A survey by the Japanese government has said that the dwindling birth rate is expected to cut Japan's population by 30% over the next 50 years.

(Seemingly the birth rate has been falling steeply for over half a century. In the early 1970s it passed the replacement level of 2.1 births per woman and in 2005 hit a record low of 1.26. Luckily we are all living longer.)

Interesting Fact - Shopping

According to scientist Dr David Lewis, when you go shopping and spot a bargain, chemicals that create feelings of well-being - like serotonin and adrenalin are released into the brain.

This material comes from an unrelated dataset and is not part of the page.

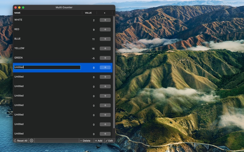 • To add or subtract a value to a counter simply click the + or - button in the relative row

(The brainwaves change and skin moisture levels rise, heart rates speed up, all indications that people get aroused. When I go shopping the only feelings that are aroused in me are annoyance and impatience.)

Interesting Word # 66 - Blighty

The word Blighty is British slang for Great Britain.

(It actually comes from an Urdu word "bilayti", which means homeland.)

Interesting Fact # 682 - Job Requirements

One of the requirements of being a member of Ryanair's cabin crew is that your are "able to swim well".

(Well at least they don't ask you to be able to fly.)

Interesting Fact # 681 - Prayer

According to the Christian development agency, Tearfund, 42% of UK residents say they pray.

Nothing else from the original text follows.